◆ **Work task**:
Looking at the entries below, how many lines include the word "White"? Answer with the number alone.

◆ **Supplied information**:
◆ ◆ ◆
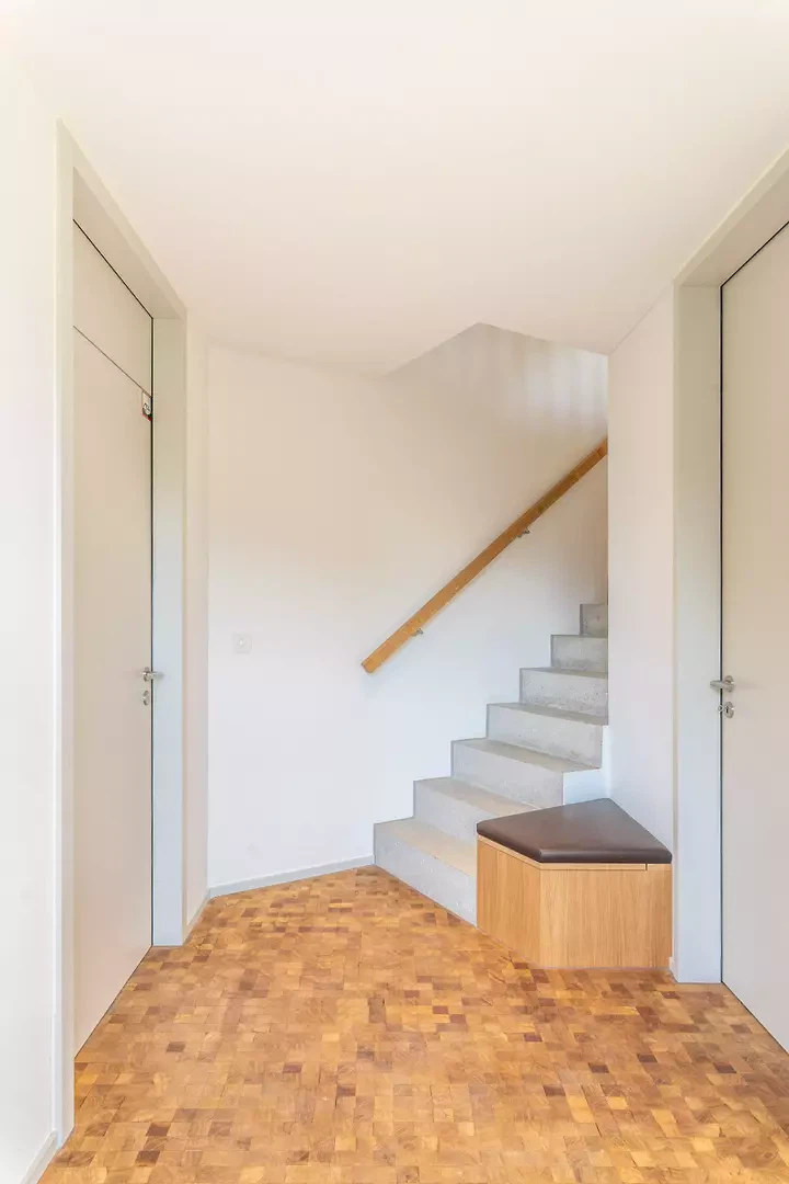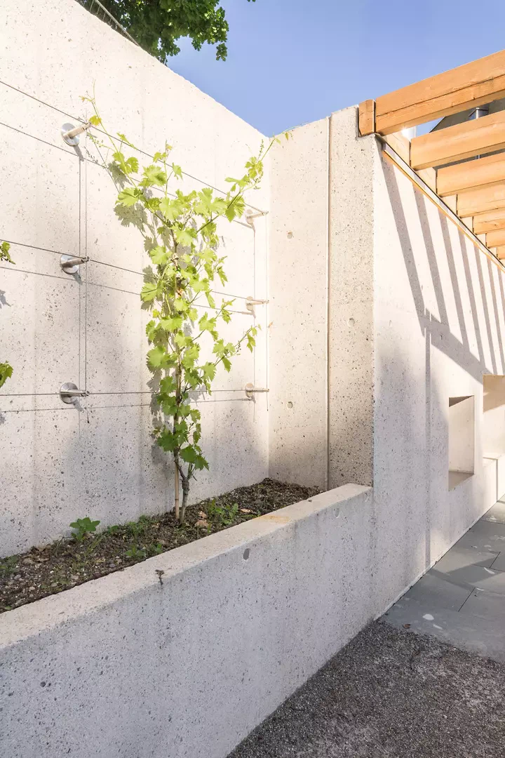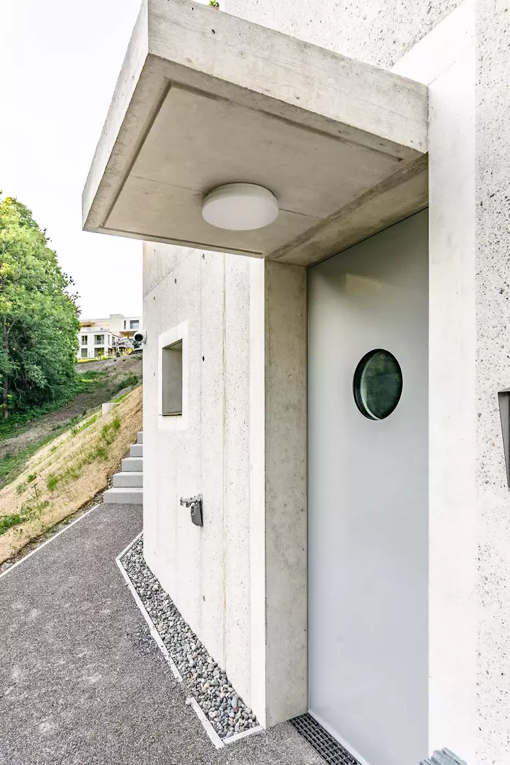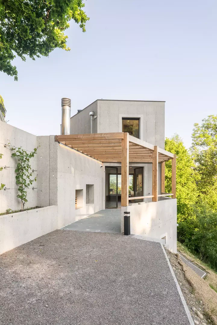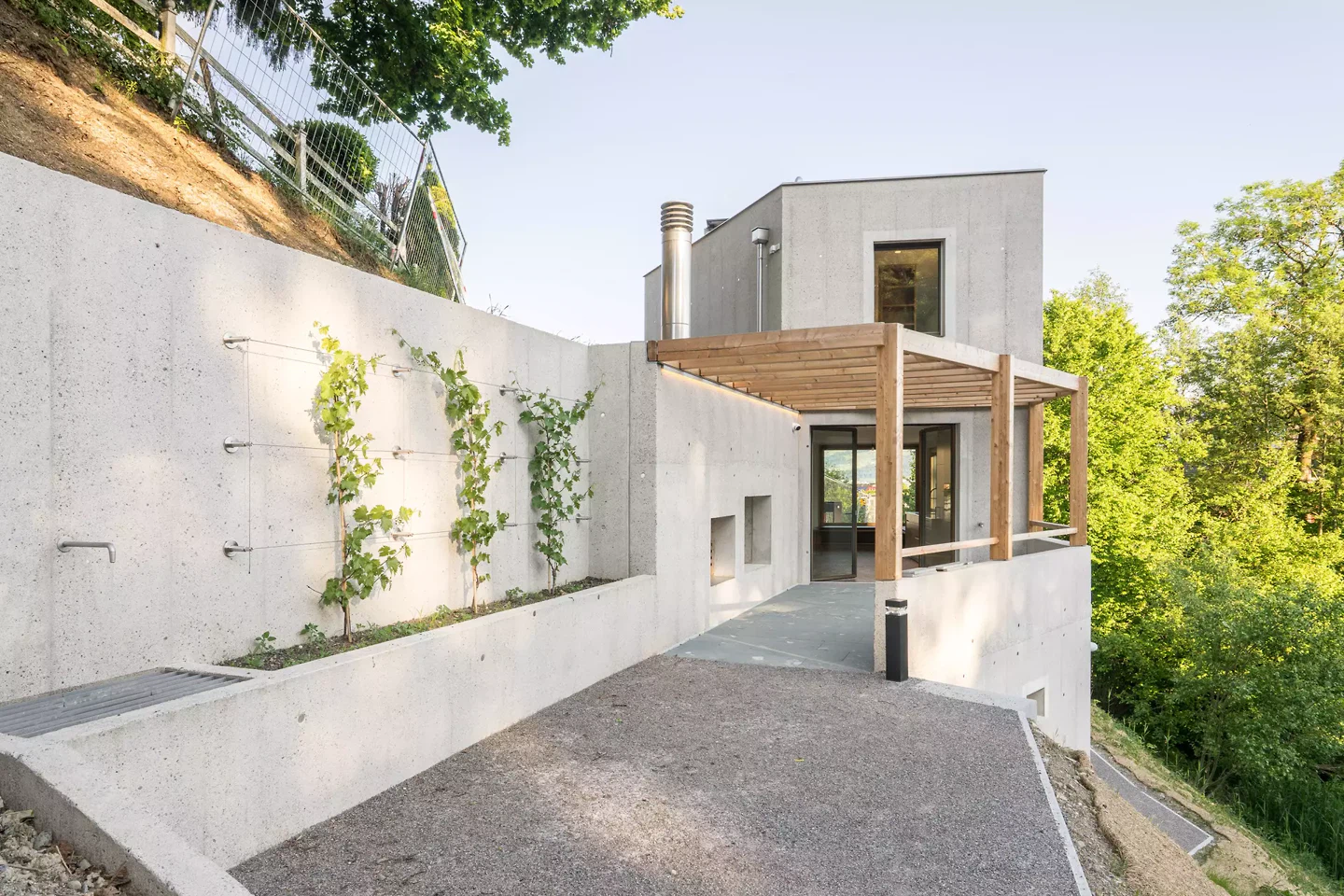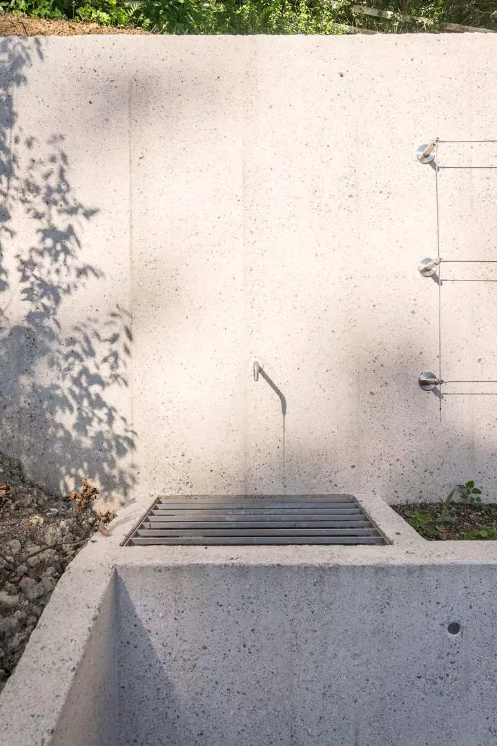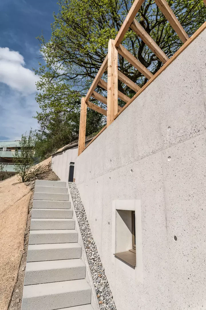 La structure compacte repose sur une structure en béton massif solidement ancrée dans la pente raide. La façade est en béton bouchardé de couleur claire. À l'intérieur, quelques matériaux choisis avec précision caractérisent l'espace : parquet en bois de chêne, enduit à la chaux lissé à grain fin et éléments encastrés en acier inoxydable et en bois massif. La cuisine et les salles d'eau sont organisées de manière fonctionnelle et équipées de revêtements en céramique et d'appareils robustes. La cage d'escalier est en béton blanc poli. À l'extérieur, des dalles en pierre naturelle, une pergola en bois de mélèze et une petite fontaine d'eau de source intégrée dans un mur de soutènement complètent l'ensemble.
◆ ◆ ◆
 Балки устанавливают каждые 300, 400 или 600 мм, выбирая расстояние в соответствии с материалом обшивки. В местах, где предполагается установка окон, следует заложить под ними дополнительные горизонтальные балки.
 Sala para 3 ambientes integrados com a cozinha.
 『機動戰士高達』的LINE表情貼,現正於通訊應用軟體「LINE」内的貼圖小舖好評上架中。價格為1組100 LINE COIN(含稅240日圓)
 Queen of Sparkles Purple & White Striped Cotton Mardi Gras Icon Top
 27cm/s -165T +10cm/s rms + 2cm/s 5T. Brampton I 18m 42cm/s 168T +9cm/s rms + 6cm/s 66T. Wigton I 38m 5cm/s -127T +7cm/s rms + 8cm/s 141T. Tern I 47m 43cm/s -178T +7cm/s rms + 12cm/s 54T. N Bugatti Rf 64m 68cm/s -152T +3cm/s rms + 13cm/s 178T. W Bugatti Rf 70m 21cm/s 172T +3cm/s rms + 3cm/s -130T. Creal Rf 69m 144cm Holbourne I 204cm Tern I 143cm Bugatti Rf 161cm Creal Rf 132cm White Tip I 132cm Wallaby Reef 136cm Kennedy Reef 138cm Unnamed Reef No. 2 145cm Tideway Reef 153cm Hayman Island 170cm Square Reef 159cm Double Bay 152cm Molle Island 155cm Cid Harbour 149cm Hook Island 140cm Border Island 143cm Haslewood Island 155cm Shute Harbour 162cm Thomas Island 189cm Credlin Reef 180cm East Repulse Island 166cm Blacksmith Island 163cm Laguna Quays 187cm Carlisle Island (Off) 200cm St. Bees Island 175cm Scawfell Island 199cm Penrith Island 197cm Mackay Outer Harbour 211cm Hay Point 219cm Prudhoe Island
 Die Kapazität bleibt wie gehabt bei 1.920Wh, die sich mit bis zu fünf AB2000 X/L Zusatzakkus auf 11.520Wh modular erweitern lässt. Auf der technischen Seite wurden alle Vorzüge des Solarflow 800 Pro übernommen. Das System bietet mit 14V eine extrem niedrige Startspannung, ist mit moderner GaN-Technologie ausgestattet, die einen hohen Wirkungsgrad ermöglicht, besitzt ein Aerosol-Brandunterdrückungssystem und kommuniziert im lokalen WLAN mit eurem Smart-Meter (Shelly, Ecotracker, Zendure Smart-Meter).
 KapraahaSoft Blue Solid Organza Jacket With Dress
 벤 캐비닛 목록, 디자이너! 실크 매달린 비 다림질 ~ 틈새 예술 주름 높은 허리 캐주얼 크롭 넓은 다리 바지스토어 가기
◆ ◆ ◆
◆ **Solution to this task**:
2